EPA, DPA or DHA, fatty acids of the n-3 series, which are considered to be anti-inflammatory, had no effect on basal secretion of MMP-9. Since the n-3 series of polyunsaturated fatty acids are known to compete for the same enzymes as the n-6 series fatty acids in a multitude of cellular processes, and the enzymes seem to prefer n-3 series, we tested whether the effect of arachidonic acid on secretion of MMP-9 could be controlled or even prevented by increasing concentrations of EPA, DPA or DHA. However, the AA-induced activity of MMP-9 did not diminish in the presence of n-3 fatty acids, although the cellular fatty acid content revealed an ample availability of n-3 fatty acids after incubation. It is possible, though, that the intracellular pathways of n-6 and n-3 fatty acids differ in ways that give advantage to AA [17, 18]. On the other hand, it is also possible that a prolonged exposure of cells to n-3 fatty acids is necessary for inhibition of AA-triggered MMP-9 activity .

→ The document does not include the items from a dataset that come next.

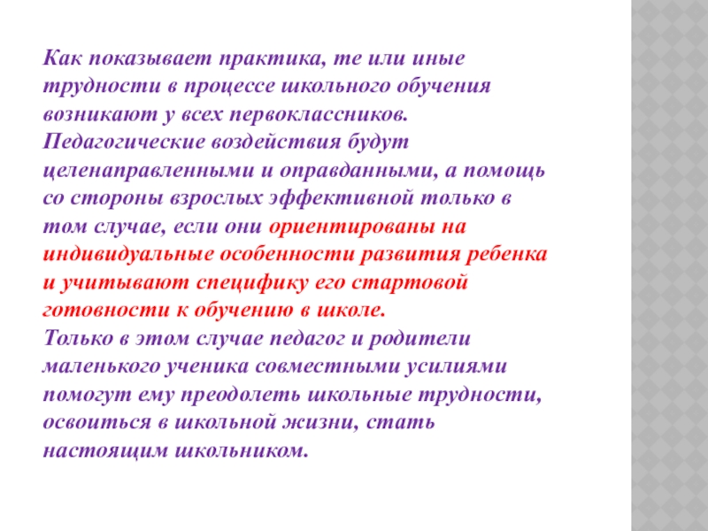 Слайд 75Как показывает практика, те или иные трудности в процессе школьного обучения
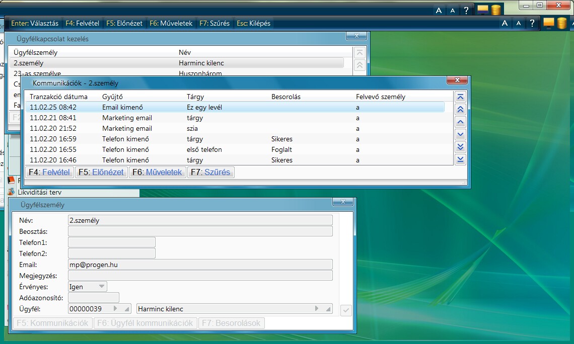 A funkció segítségével Ügyfeleinknél alkalmazott Ügyféltörzsbe felvett személyekkel folytatott kommunikációkat tudjuk lekérdezni.
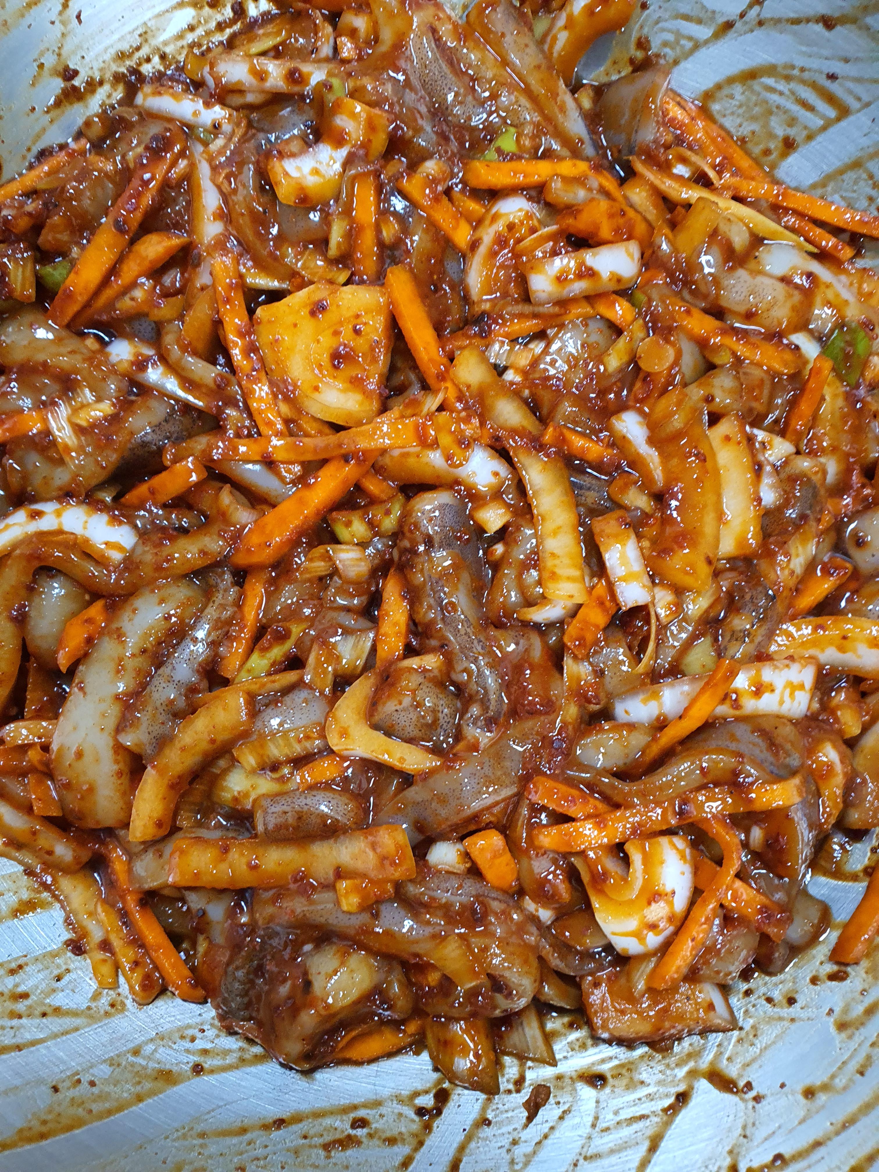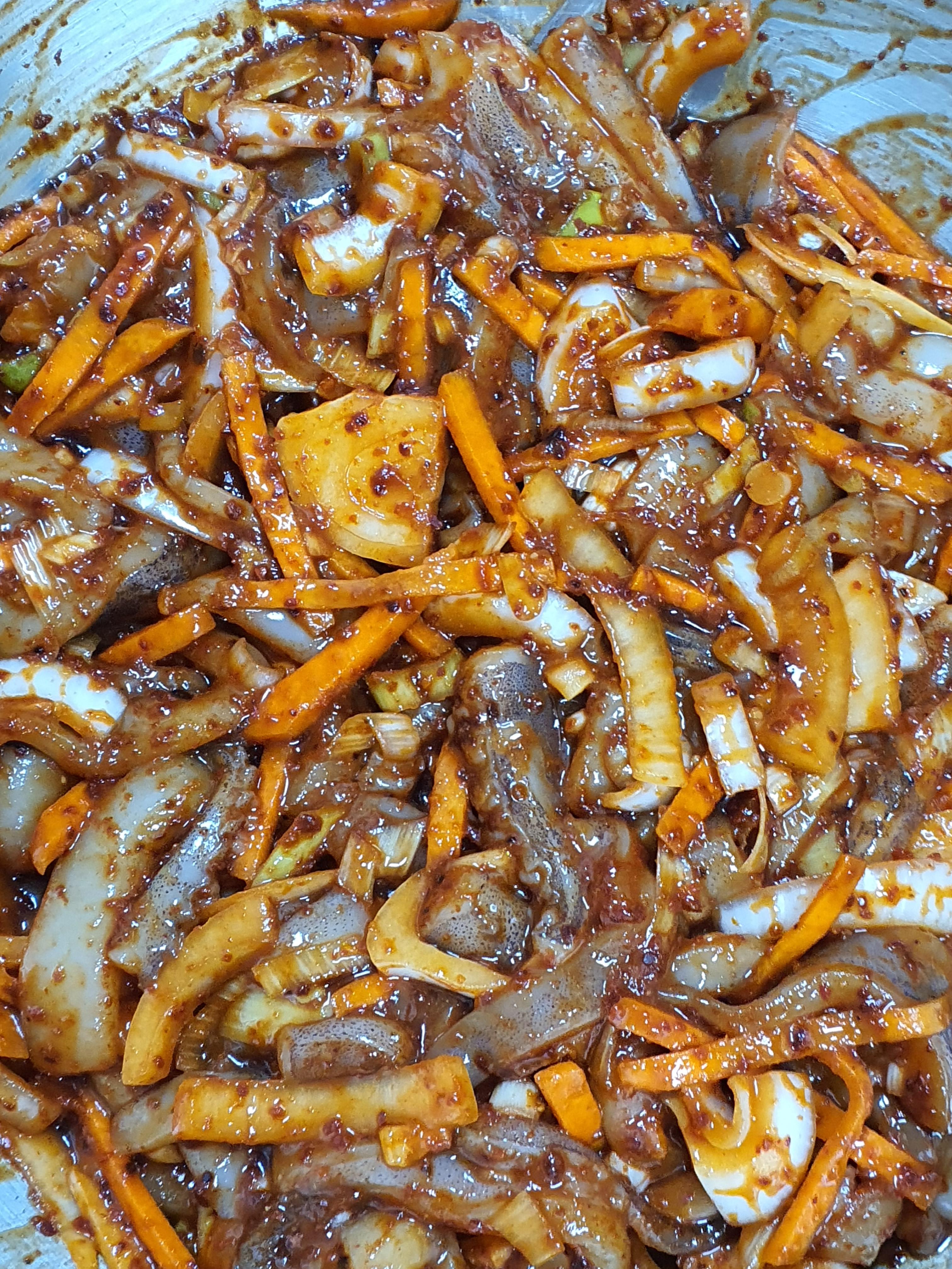 썰어놓은 오징어와 양념장을 잘 버무려 30분간 숙성시켜 줍니다.
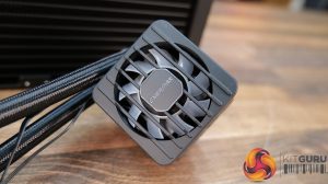 Rotary 90° fittings enter the CPU block on one side, the tubing is covered with braided sleeving which is common in almost all AIO coolers now and on top of the CPU block is a 60 x 60 mm VRM fan with speed up to 3000RPM, designed to cool motherboard components surrounding the CPU. CPU block connections include 4-pin PWM and 3-pin 5V ARGB.
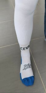 Matière très douce et souple, haut en Prolen et pied en coton, avec un renfort à l’avant pour mieux protéger le tibia par rapport à des chaussettes classiques.
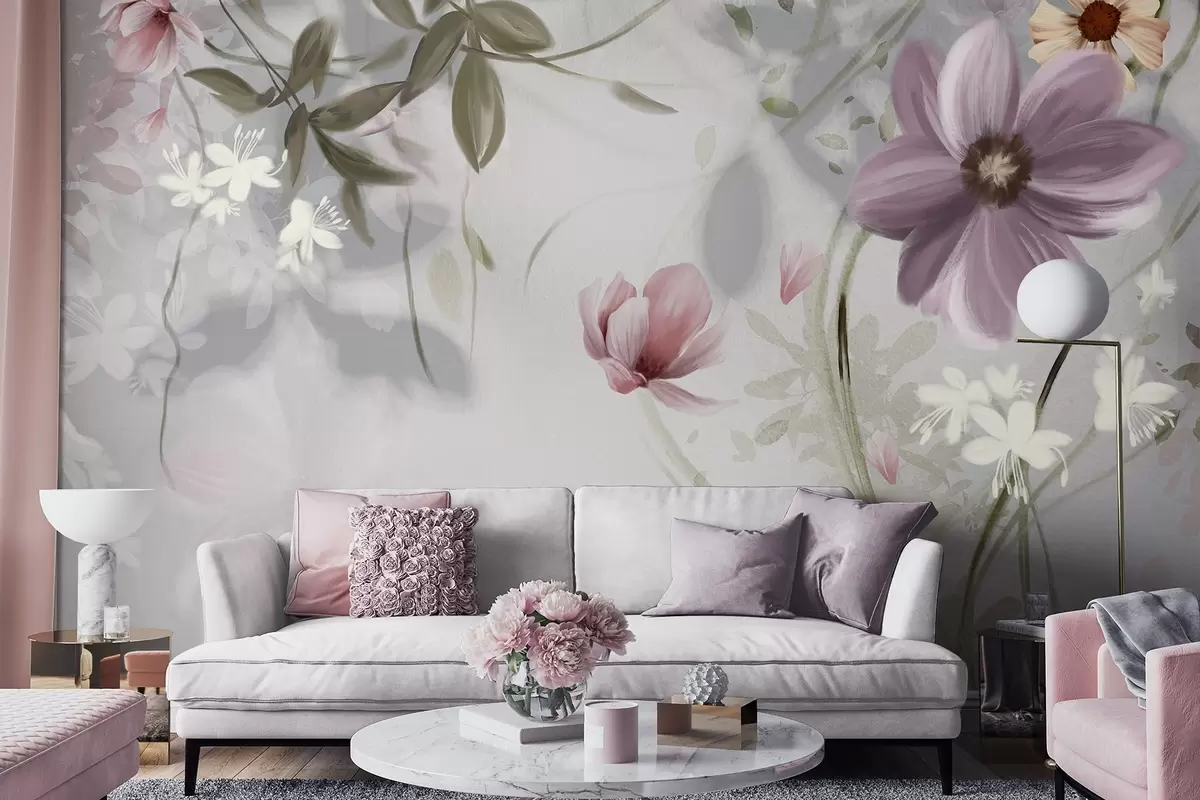 Фототапет Розови и бели цветя със зелени стъбла и листа, меко осветление, приглушени цветове, цветя Nr w09417v1
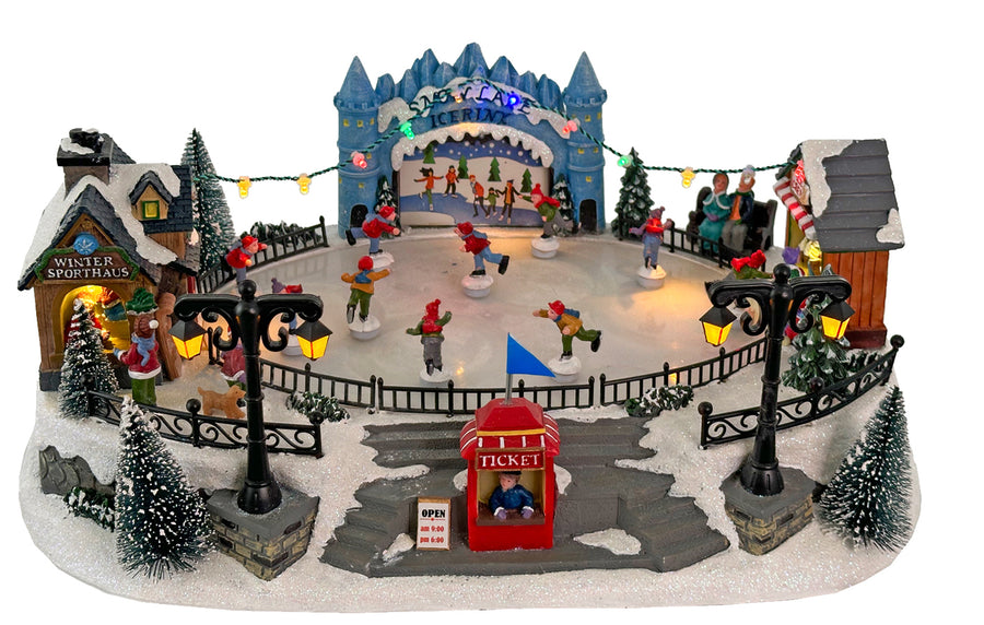 Step into a festive winter wonderland with this animated holiday ice rink village scene. Featuring skaters that glide across the ice, cheerful music, and twinkling LED lights, this charming piece brings the joy of the season to life. Delightful details include a snow-dusted ticket booth, cozy sporthaus, lighted lampposts, and whimsical string lights stretched across a blue castle façade.
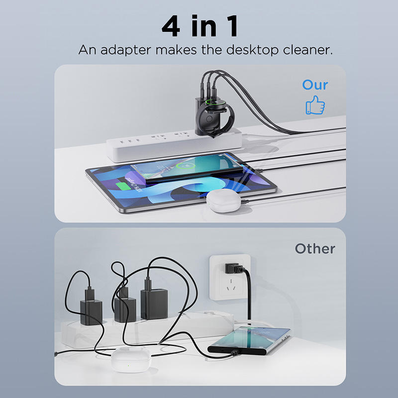 เครื่องชาร์จไร้สายสําหรับนาฬิกา airpods และโทรศัพท์ เครื่องชาร์จไร้สาย 4 in 1 เครื่องชาร์จเร็ว 45W สําหรับนาฬิกา redmi 4
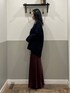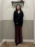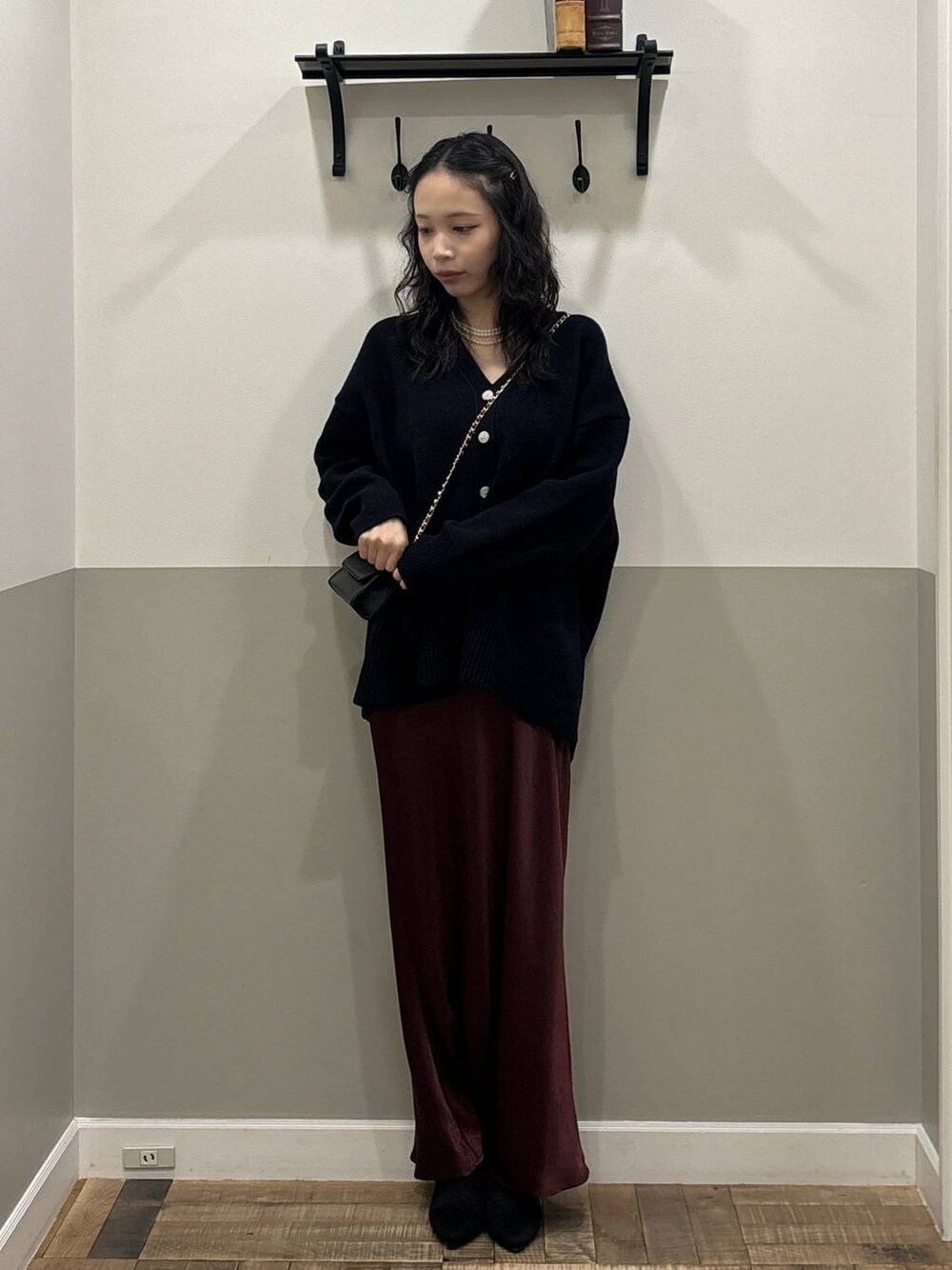 原色だと相性が悪い2色もトーンが暗くなれば😽🤍 カーディガンのネイビーは、寒色🪡 スカートのワインレッドは暖色🍷 もっと突き詰めれば青と赤なのに、トーンが暗くなれば こんな風にまとまりのある素敵なコーデになります✨ APのネイビーは限りなく黒に近い深みのある色ですが、 照明が変わったり火の光に当たると本来の色が際立つ そんなネイビーが多い気がします😌 大人気のカシープ3WAYロングコートも、そんなネイビーなので一度店頭でご覧いただきたいところ🤍 相変わらずお尻がすっぽり隠れるカーディガンにツヤツヤタイトスカートを合わせると 隠したいところは隠れるのに、バランスよく大人っぽいコーデに仕上がりますよね〜🫶🏻 スッキリとした優等生シルエットのアイテム同士なので、 小物でいっぱい遊ぶと楽しい✨
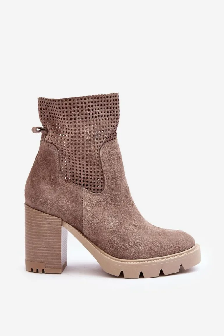 Modne, ażurowe botki na obcasie w postaci słupka zostały wykonane z wysokiej jakości skóry naturalnej. Zapinane na suwak z boku cholewki. Miękka, niezwykle wygodna wkładka została wykonana również z naturalnej skóry. Świetny model do wielu stylizacji! Przy wyborze rozmiaru prosimy sugerować się tabelą rozmiarów.
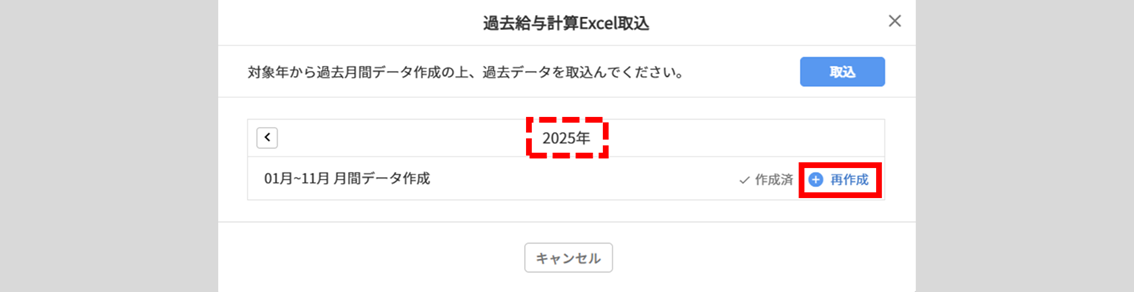 [過去給与計算Excel取込]で取り込んだ過去給与計算データを削除します。

Experiments where MonoMac 6 cells were pre exposed to AA for increasing periods of time (Fig. 2B) showed that the system delivering MMP-9 to the medium was activated already after 1 h incubation and increased for at least 6 h. Given that a quantity of pro-MMP-9 is stored in intracellular vesicles it is possible that the activity detected during the first hour of incubation was in fact due to degranulation of existing vesicles. Degranulation of storage vesicles has been shown to occur quickly in response to less than 1 h treatment with IL-8 in neutrophils, where the activity of MMP-9 increased 2.5-fold but then declined . It is not known whether AA causes degranulation in MonoMac 6 cells, but the continued accumulation of MMP-9 in the incubation medium speaks for additional mechanisms. The increases in AA-induced secretion of MMP-9 was blocked by co-treatment of MonoMac 6 cells with 1–10 μM of the protein synthesis inhibitor cycloheximide (data not shown), indicating further that the AA effect requires de novo protein synthesis.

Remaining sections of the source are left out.